### WHAT IS NEEDED
Copy each line of the records below that has "with" in it.

### Collected data
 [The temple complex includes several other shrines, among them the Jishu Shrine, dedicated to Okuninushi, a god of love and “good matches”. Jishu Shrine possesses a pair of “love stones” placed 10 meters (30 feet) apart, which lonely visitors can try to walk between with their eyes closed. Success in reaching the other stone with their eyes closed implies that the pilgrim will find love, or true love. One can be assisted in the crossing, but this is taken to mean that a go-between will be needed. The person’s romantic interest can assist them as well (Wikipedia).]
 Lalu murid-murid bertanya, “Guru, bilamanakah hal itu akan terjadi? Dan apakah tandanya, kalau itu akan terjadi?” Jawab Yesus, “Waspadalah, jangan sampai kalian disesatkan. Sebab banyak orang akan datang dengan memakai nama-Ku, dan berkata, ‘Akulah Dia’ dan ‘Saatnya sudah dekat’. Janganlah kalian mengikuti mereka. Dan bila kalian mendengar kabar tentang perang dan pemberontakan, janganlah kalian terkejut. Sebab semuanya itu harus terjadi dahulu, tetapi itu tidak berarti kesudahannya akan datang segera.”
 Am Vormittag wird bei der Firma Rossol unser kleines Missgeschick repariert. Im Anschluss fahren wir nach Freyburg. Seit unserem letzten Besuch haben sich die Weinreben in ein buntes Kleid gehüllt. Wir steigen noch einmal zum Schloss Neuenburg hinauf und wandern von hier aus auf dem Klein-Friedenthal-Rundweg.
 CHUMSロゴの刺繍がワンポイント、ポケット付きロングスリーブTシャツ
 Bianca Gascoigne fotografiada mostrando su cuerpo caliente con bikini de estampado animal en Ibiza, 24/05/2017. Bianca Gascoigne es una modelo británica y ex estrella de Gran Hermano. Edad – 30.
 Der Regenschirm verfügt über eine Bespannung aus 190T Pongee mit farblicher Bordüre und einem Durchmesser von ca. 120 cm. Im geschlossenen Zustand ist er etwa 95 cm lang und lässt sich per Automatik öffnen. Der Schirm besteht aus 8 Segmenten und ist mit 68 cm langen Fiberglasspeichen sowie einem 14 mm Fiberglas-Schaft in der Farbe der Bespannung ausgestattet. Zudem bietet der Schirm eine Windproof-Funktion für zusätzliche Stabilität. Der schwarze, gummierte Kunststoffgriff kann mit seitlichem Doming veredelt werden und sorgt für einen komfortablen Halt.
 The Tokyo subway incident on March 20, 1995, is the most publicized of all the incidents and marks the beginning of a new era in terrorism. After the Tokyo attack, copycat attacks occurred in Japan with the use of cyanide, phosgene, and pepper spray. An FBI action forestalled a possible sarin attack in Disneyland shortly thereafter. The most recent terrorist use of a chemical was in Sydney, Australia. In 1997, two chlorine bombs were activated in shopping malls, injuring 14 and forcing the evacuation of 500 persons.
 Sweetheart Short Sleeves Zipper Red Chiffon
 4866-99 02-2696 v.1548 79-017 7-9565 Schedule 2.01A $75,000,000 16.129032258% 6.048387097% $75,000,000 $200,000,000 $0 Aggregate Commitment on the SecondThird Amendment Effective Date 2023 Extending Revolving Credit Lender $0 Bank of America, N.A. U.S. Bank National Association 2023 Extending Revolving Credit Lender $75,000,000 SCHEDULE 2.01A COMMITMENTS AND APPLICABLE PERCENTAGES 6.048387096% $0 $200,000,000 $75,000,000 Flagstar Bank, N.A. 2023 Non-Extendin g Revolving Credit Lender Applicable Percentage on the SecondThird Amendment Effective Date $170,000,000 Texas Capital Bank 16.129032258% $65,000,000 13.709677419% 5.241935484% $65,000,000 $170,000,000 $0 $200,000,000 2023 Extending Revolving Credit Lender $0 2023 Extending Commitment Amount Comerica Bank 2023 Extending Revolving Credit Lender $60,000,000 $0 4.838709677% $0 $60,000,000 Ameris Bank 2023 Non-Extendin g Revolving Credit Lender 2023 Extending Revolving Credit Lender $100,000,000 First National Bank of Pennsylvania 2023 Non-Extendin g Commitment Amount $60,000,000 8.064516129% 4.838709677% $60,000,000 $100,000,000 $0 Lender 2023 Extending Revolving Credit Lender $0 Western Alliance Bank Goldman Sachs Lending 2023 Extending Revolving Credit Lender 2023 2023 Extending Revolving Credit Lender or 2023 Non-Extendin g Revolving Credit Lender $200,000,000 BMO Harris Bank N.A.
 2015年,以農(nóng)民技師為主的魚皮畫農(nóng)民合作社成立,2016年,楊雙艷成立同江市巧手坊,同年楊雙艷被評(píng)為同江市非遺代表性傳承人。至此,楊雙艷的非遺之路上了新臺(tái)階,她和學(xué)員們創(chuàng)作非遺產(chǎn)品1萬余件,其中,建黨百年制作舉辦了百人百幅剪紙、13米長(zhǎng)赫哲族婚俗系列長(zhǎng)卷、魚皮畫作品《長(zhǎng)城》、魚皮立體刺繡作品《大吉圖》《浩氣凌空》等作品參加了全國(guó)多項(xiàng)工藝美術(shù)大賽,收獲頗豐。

### EXERCISE SOLUTION
 [The temple complex includes several other shrines, among them the Jishu Shrine, dedicated to Okuninushi, a god of love and “good matches”. Jishu Shrine possesses a pair of “love stones” placed 10 meters (30 feet) apart, which lonely visitors can try to walk between with their eyes closed. Success in reaching the other stone with their eyes closed implies that the pilgrim will find love, or true love. One can be assisted in the crossing, but this is taken to mean that a go-between will be needed. The person’s romantic interest can assist them as well (Wikipedia).]
 The Tokyo subway incident on March 20, 1995, is the most publicized of all the incidents and marks the beginning of a new era in terrorism. After the Tokyo attack, copycat attacks occurred in Japan with the use of cyanide, phosgene, and pepper spray. An FBI action forestalled a possible sarin attack in Disneyland shortly thereafter. The most recent terrorist use of a chemical was in Sydney, Australia. In 1997, two chlorine bombs were activated in shopping malls, injuring 14 and forcing the evacuation of 500 persons.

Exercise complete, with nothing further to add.